All of lore.kernel.org
 help / color / mirror / Atom feed
* [Xenomai-help] Tests with 2.5rc1
@ 2009-04-20 18:05 Martin Shepherd
  2009-04-20 18:28 ` Gilles Chanteperdrix
  2009-04-20 18:34 ` [Xenomai-help] Tests with 2.5rc1 Gilles Chanteperdrix
  0 siblings, 2 replies; 8+ messages in thread
From: Martin Shepherd @ 2009-04-20 18:05 UTC (permalink / raw)
  To: xenomai

Over the weekend I experimented with Xenomai 2.5-rc1. Unfortunately
the freeze problems that I have been experiencing continued with this
update. I have tried a lot of things to home in on the problem.

1. First I tried swapping memory sticks again, but the symtoms
    didn't change.

2. Then I tried enabling the local-APIC and NMI watchdog at compile
    time with a threshold of 200us, and set lapic=1 and nmi_watchdog=2
    on the kernel invokation line in grub. The following messages from
    dmesg showed that this was being picked up:

    [    0.000000] Local APIC disabled by BIOS -- reenabling.
    [    0.000000] Found and enabled local APIC!
    [    0.000000] mapped APIC to ffffb000 (fee00000)
    ...
    [    0.029054] Using local APIC timer interrupts.
    [    0.029057] calibrating APIC timer ...
    [    0.032000] ... lapic delta = 1250114
    [    0.032000] ... PM timer delta = 357974
    [    0.032000] ... PM timer result ok
    [    0.032000] ..... delta 1250114
    [    0.032000] ..... mult: 53688631
    [    0.032000] ..... calibration result: 800072
    [    0.032000] ..... CPU clock speed is 850.0310 MHz.
    [    0.032000] ..... host bus clock speed is 200.0072 MHz.
    ...
    [    0.140956] Xenomai: NMI watchdog started (threshold=200 us).
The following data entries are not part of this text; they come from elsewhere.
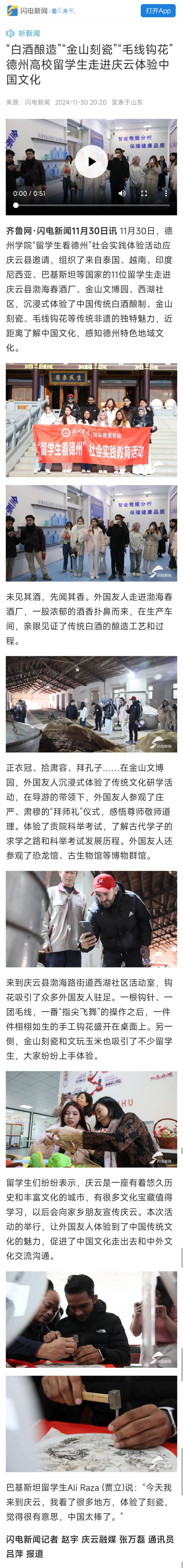 【闪电新闻】“白酒酿造”“金山刻瓷”“毛线钩花” 德州高校留学生走进庆云体验中国文化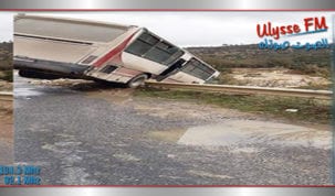 جد عشية اليوم السبت حادث إنزلاق حافلة مخصصة لنقل العمال على مستوى منطقة حلق الناب الواقعة بين صواف و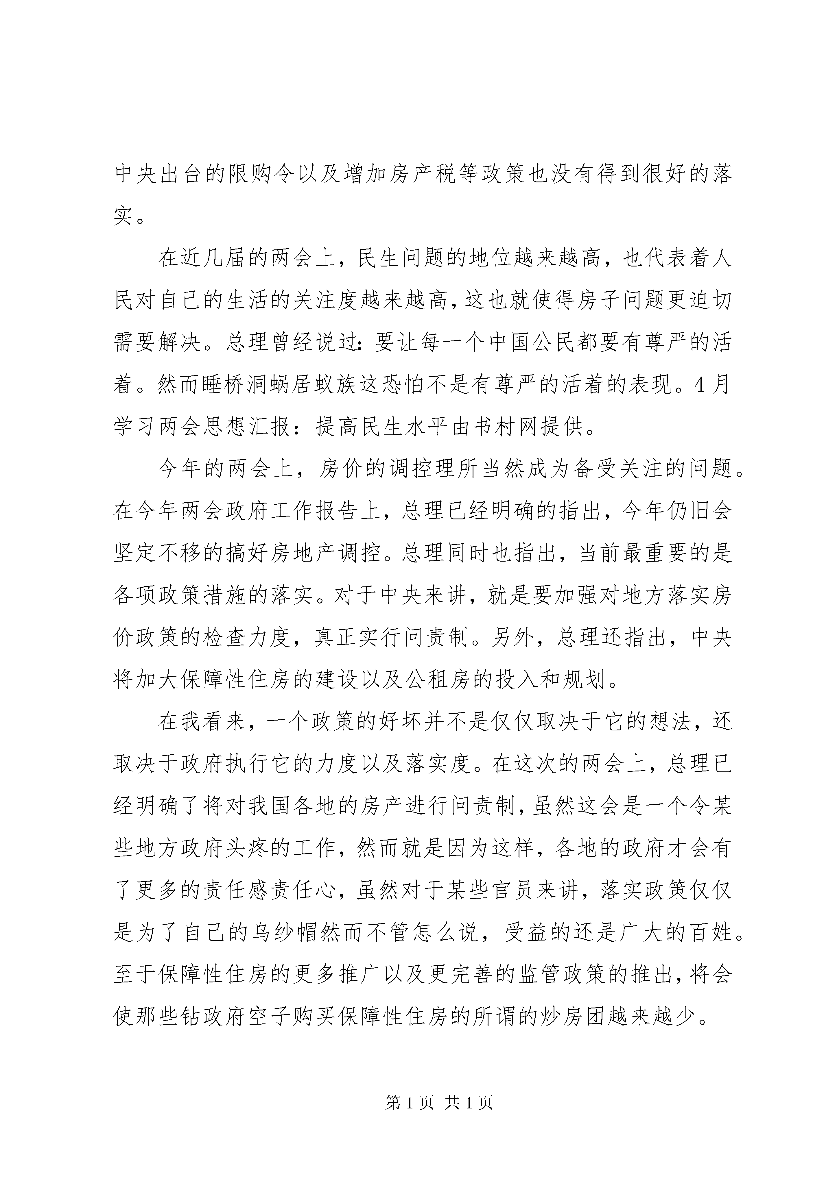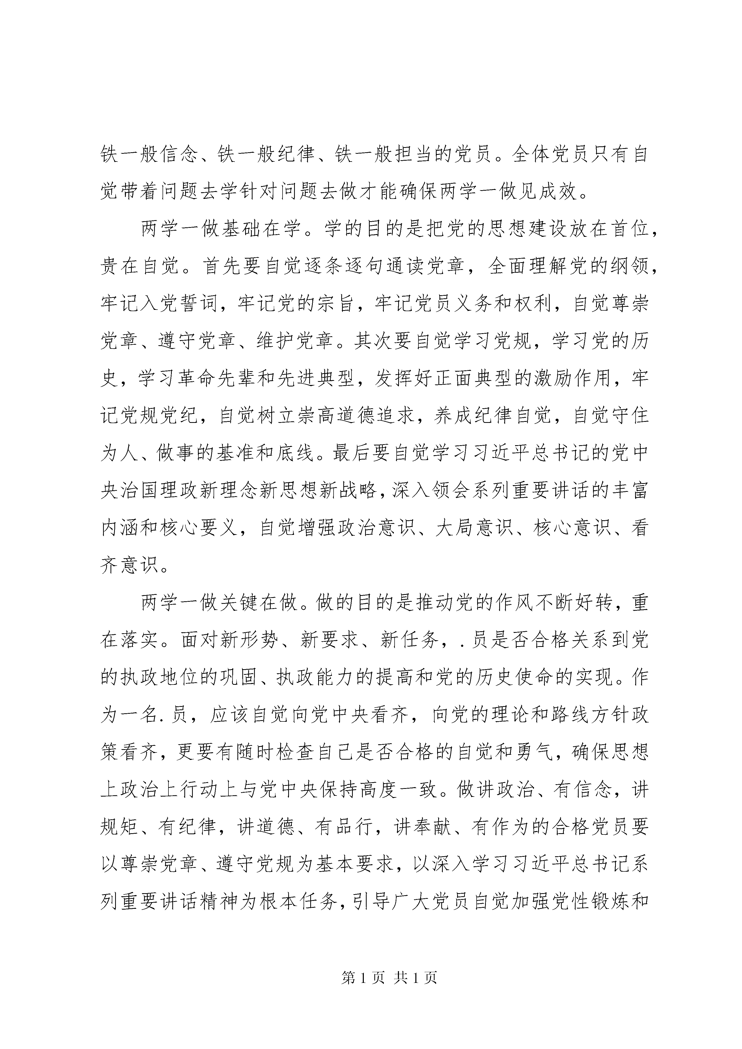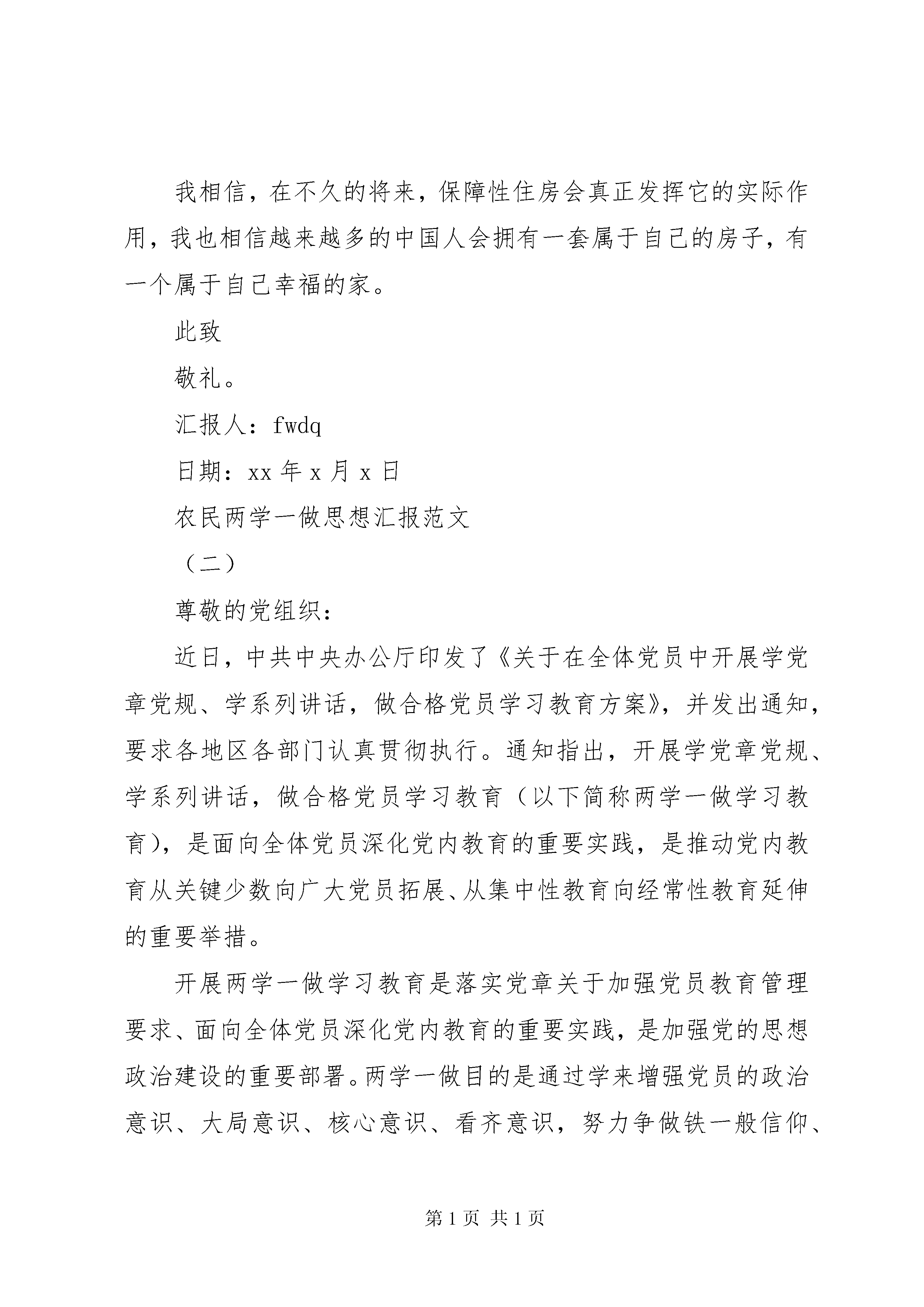 农民20XX年两学一做思想汇报作为一名员,应该自觉向党中央看齐,向党的理论和路线方针政策看齐,以下范文大全小编为大家提供两学一做思想汇报范文,供大家参考借鉴,希望可以帮助到大家。农民两学一做思想汇报范文(一)敬爱的党组织:自古以来,国人就对家土地看得很重,房子在国人眼中已经成为一个完整的家的代名词了。然而目前房价飞涨,即使有时房价下跌,开发商也打出了诸如房价不是在跳水,而是在做俯卧撑此类令人发笑却又让人深思的广告语。而网上盛行的说法是,想在北京买套百平米的房,农民需要从唐朝就开始存钱,还不能有灾年;工人月收入1500,要从鸦片战争开始存;白领年收入16万,要从1960年不吃不喝,才能如愿。你还笑得出来吗。房子思想根深蒂固,或许是房价飞涨的原因。然而面对不知何时开始飞涨的房价,国家屡次出台政策却又被投机的商家钻了空子。曾经在2006年,有消息称央行拟推新按揭政策以彻底打压房价,回首当时,不仅国家,连老百姓的信心都很足,因为这一政策的核心是将买房的首付提高到四到五成。这在当时看来是一剂有史以来调控房价最猛烈最有希望的药剂。然而这项政策是否得到真正的实施看现在的状况我想已经很明了吧。另外,即使中央出台的限购令以及增加房产税等政策也没有得到很好的落实。在近几届的两会上,民生问题的地位越来越高,也代表着人民对自己的生活的关注度越来越高,这也就使得房子问题更迫切需要解决。总理曾经说过:要让每一个中国公民都要有尊严的活着。然而睡桥洞蜗居蚁族这恐怕不是有尊严的活着的表现。4月学习两会思想汇报:提高民生水平由书村网提供。今年的两会上,房价的调控理所当然成为备受关注的问题。在今年两会政府工作报告上,总理已经明确的指出,今年仍旧会坚定不移的搞好房地产调控。总理同时也指出,当前最重要的是各项政策措施的落实。对于中央来讲,就是要加强对地方落实房价政策的检查力度,真正实行问责制。另外,总理还指出,中央将加大保障性住房的建设以及公租房的投入和规划。在我看来,一个政策的好坏并不是仅仅取决于它的想法,还取决于政府执行它的力度以及落实度。在这次的两会上,总理已经明确了将对我国各地的房产进行问责制,虽然这会是一个令某些地方政府头疼的工作,然而就是因为这样,各地的政府才会有了更多的责任感责任心,虽然对于某些官员来讲,落实政策仅仅是为了自己的乌纱帽然而不管怎么说,受益的还是广大的百姓。至于保障性住房的更多推广以及更完善的监管政策的推出,将会使那些钻政府空子购买保障性住房的所谓的炒房团越来越少。我相信,在不久的将来,保障性住房会真正发挥它的实际作用,我也相信越来越多的中国人会拥有一套属于自己的房子,有一个属于自己幸福的家。此致敬礼。汇报人:fwdq日期:xx年x月x日农民两学一做思想汇报范文(二)尊敬的党组织:近日,中共中央办公厅印发了《关于在全体党员中开展学党章党规、学系列讲话,做合格党员学习教育方案》,并发出通知,要求各地区各部门认真贯彻执行。通知指出,开展学党章党规、学系列讲话,做合格党员学习教育(以下简称两学一做学习教育),是面向全体党员深化党内教育的重要实践,是推动党内教育从关键少数向广大党员拓展、从集中性教育向经常性教育延伸的重要举措。开展两学一做学习教育是落实党章关于加强党员教育管理要求、面向全体党员深化党内教育的重要实践,是加强党的思想政治建设的重要部署。两学一做目的是通过学来增强党员的政治意识、大局意识、核心意识、看齐意识,努力争做铁一般信仰、铁一般信念、铁一般纪律、铁一般担当的党员。全体党员只有自觉带着问题去学针对问题去做才能确保两学一做见成效。两学一做基础在学。学的目的是把党的思想建设放在首位,贵在自觉。首先要自觉逐条逐句通读党章,全面理解党的纲领,牢记入党誓词,牢记党的宗旨,牢记党员义务和权利,自觉尊崇党章、遵守党章、维护党章。其次要自觉学习党规,学习党的历史,学习革命先辈和先进典型,发挥好正面典型的激励作用,牢记党规党纪,自觉树立崇高道德追求,养成纪律自觉,自觉守住为人、做事的基准和底线。最后要自觉学习习近平总书记的党中央治国理政新理念新思想新战略,深入领会系列重要讲话的丰富内涵和核心要义,自觉增强政治意识、大局意识、核心意识、看齐意识。两学一做关键在做。做的目的是推动党的作风不断好转,重在落实。面对新形势、新要求、新任务,.员是否合格关系到党的执政地位的巩固、执政能力的提高和党的历史使命的实现。作为一名.员,应该自觉向党中央看齐,向党的理论和路线方针政策看齐,更要有随时检查自己是否合格的自觉和勇气,确保思想上政治上行动上与党中央保持高度一致。做讲政治、有信念,讲规矩、有纪律,讲道德、有品行,讲奉献、有作为的合格党员要以尊崇党章、遵守党规为基本要求,以深入学习习近平总书记系列重要讲话精神为根本任务,引导广大党员自觉加强

    However this didn't seem to do anything whenever the system hung,
    and I later unfroze it by moving the mouse, even though the system
    clock lost seconds of time.  It froze many times during the
    switchbench part of xeno-test, without any complaints from Xenomai
    or the kernel. I couldn't get it to freeze this time during the
    latency tests.

    Is there anything else that I need to do to get the watchdog to
    do something?

3. Next I tried enabling the IO APIC in the kernel configuration, and
    including nmi_watchdog=1, to use the IO APIC timer for the NMI
    watchdog, but dmesg included the following error:

     [    0.708944] IO APIC resources could be not be allocated.

    and when I tried eliciting hangs, again nothing happened.

4. I enabled SMI workarounds, thinking that perhaps hammering the
    system with dd might be causing overheating, and corresponding
    SMI interrupts. However the hangs continued.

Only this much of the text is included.